INSTRUCTIONS TO FOLLOW
Word for word, write the lines below out again, with no pictures.

COLLECTED DATA
□ □ □ □ □ □ □

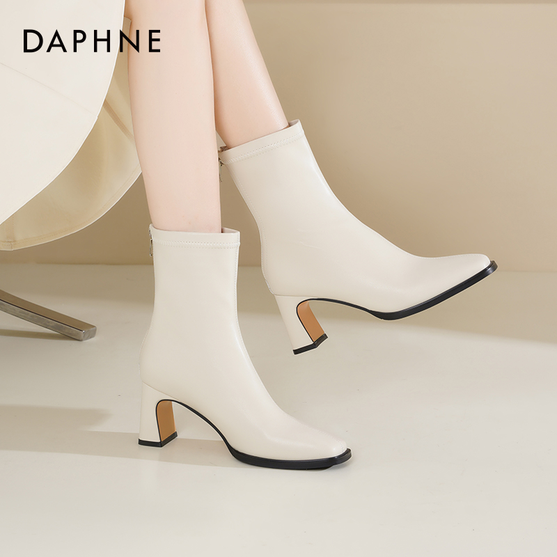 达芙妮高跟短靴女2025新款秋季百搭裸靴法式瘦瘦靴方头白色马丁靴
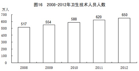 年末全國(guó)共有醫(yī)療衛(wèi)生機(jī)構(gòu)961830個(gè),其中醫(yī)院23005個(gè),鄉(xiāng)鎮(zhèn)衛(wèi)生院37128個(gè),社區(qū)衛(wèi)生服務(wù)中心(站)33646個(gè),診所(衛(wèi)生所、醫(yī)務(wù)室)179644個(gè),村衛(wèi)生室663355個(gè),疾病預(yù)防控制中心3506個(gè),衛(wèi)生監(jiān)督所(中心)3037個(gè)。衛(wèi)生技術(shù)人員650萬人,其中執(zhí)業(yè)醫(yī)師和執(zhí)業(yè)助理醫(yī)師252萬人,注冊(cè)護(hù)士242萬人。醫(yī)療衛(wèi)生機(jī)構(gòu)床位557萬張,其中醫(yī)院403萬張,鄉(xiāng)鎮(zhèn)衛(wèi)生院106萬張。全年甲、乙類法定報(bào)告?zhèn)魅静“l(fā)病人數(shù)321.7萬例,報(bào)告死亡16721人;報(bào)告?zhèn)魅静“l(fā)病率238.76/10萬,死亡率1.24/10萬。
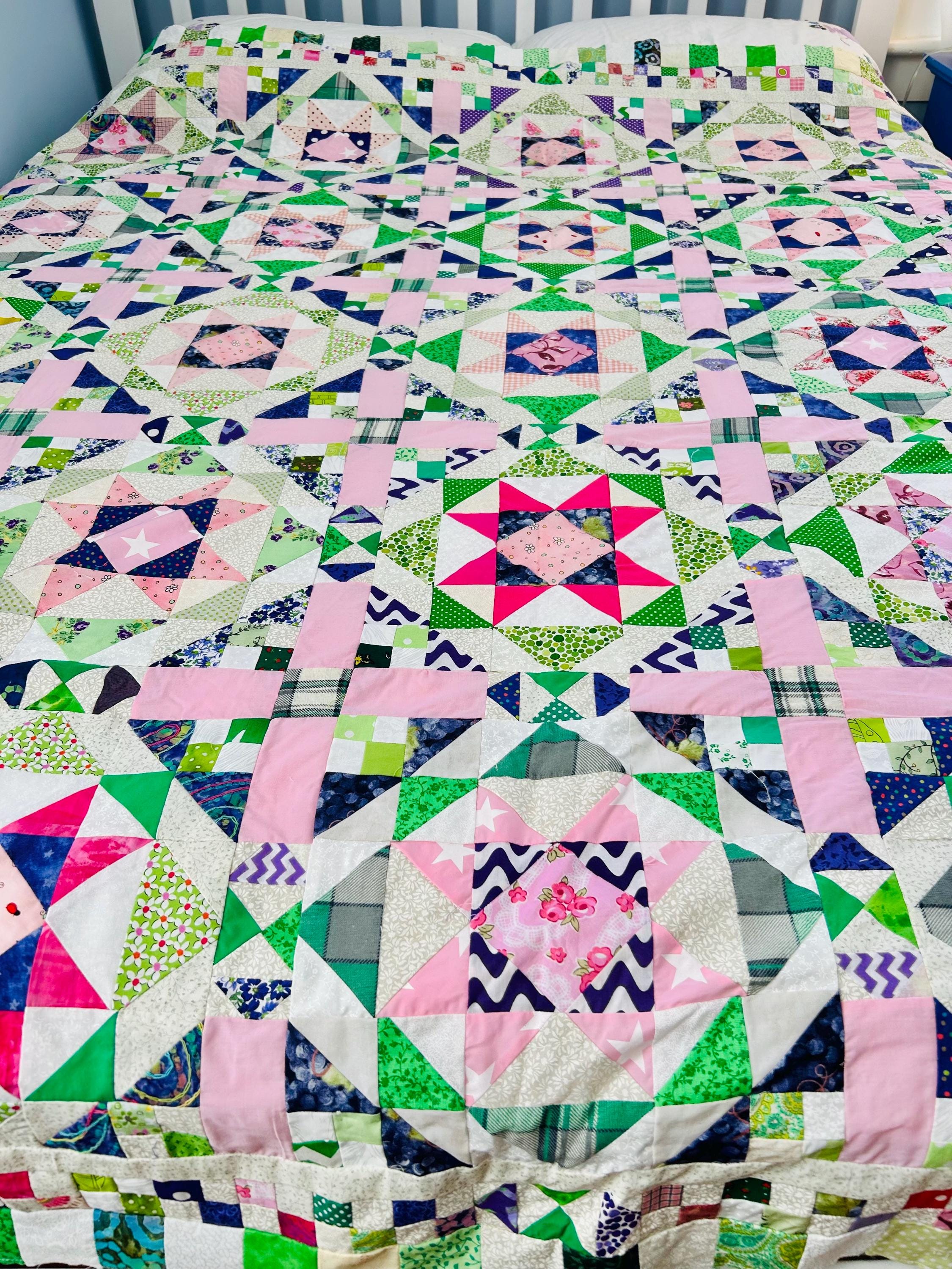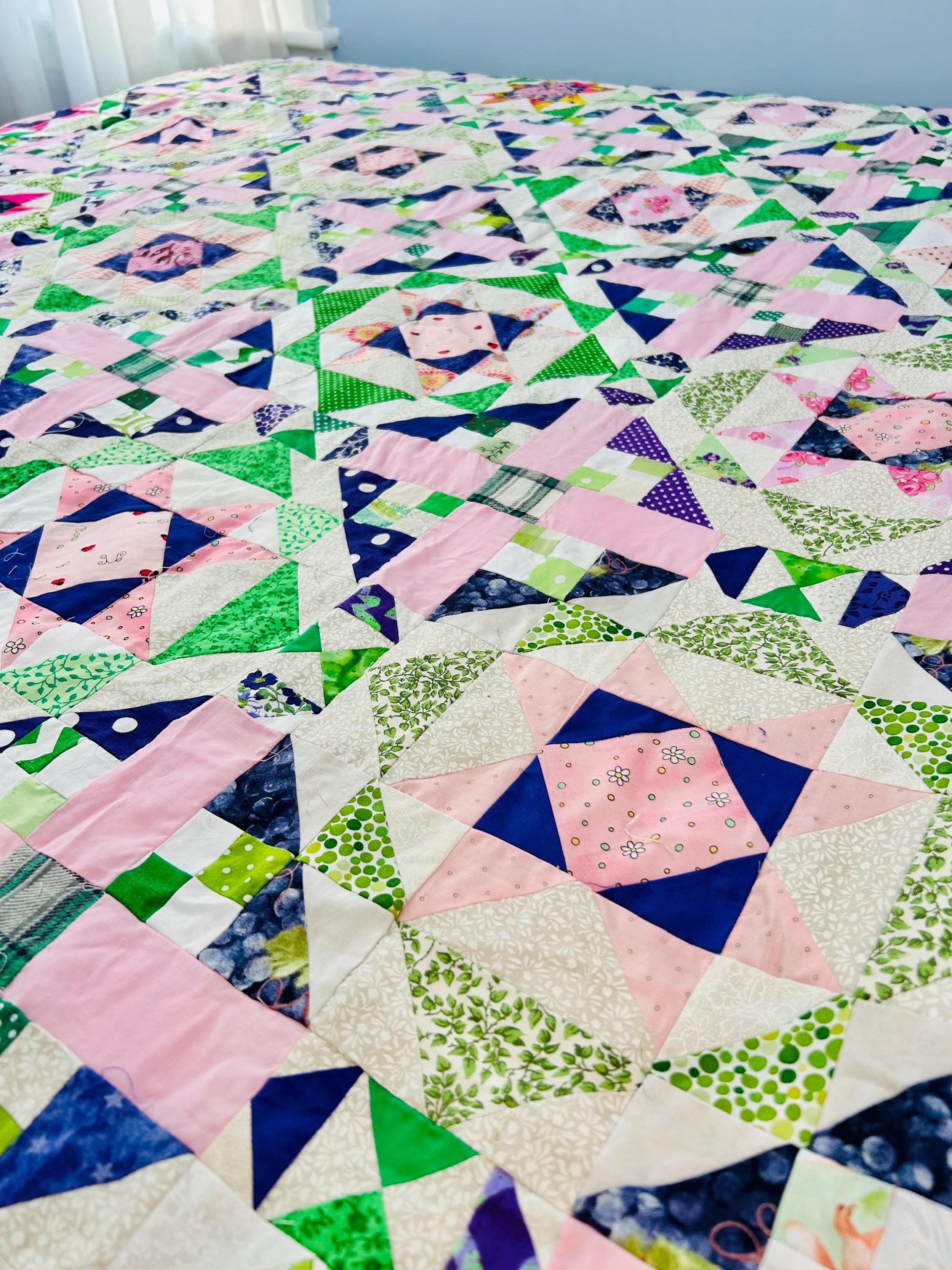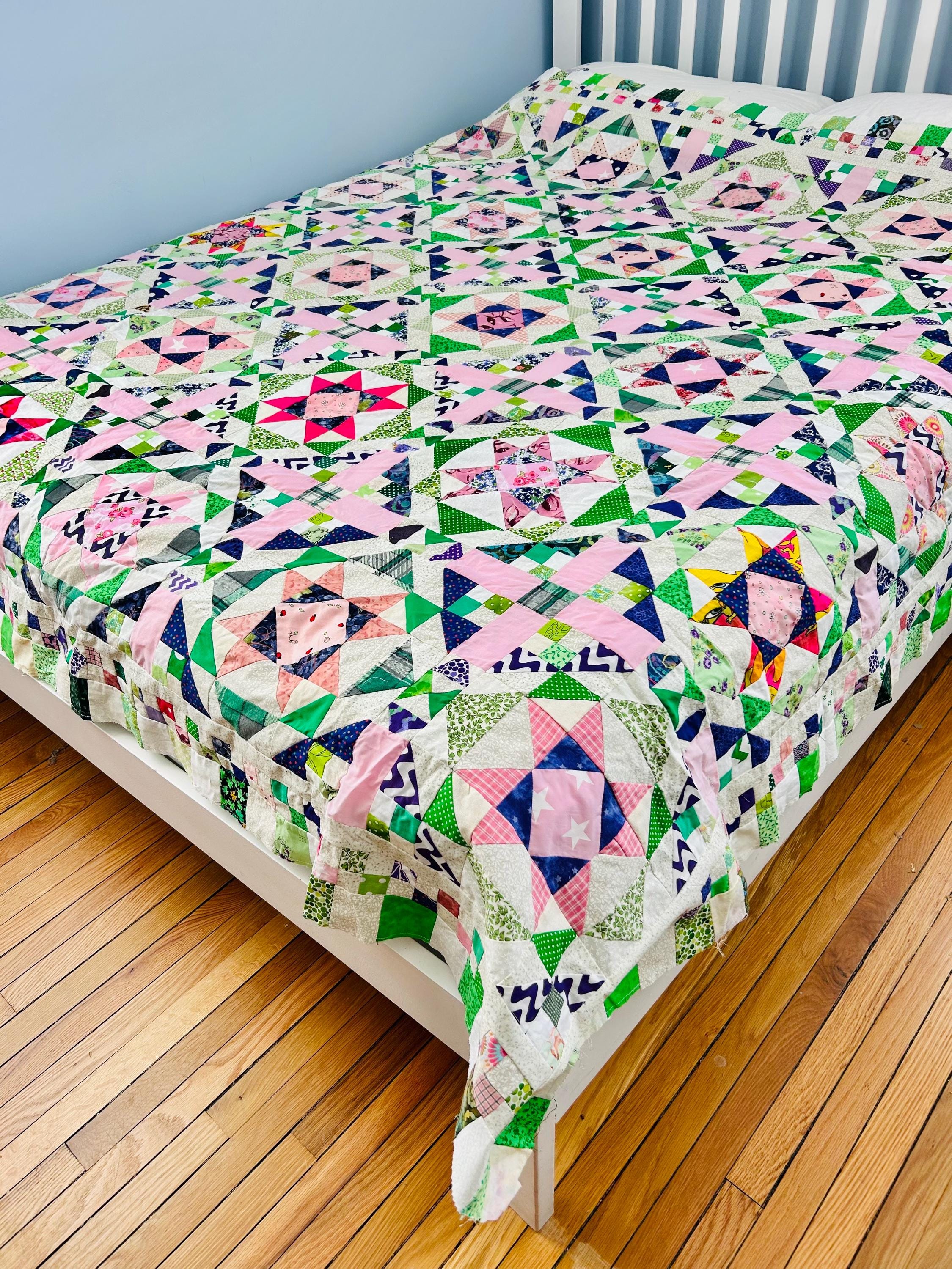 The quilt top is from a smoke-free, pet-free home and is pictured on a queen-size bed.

□ □ □ □ □ □ □

REPLY
 达芙妮高跟短靴女2025新款秋季百搭裸靴法式瘦瘦靴方头白色马丁靴
 年末全國(guó)共有醫(yī)療衛(wèi)生機(jī)構(gòu)961830個(gè),其中醫(yī)院23005個(gè),鄉(xiāng)鎮(zhèn)衛(wèi)生院37128個(gè),社區(qū)衛(wèi)生服務(wù)中心(站)33646個(gè),診所(衛(wèi)生所、醫(yī)務(wù)室)179644個(gè),村衛(wèi)生室663355個(gè),疾病預(yù)防控制中心3506個(gè),衛(wèi)生監(jiān)督所(中心)3037個(gè)。衛(wèi)生技術(shù)人員650萬人,其中執(zhí)業(yè)醫(yī)師和執(zhí)業(yè)助理醫(yī)師252萬人,注冊(cè)護(hù)士242萬人。醫(yī)療衛(wèi)生機(jī)構(gòu)床位557萬張,其中醫(yī)院403萬張,鄉(xiāng)鎮(zhèn)衛(wèi)生院106萬張。全年甲、乙類法定報(bào)告?zhèn)魅静“l(fā)病人數(shù)321.7萬例,報(bào)告死亡16721人;報(bào)告?zhèn)魅静“l(fā)病率238.76/10萬,死亡率1.24/10萬。
 The quilt top is from a smoke-free, pet-free home and is pictured on a queen-size bed.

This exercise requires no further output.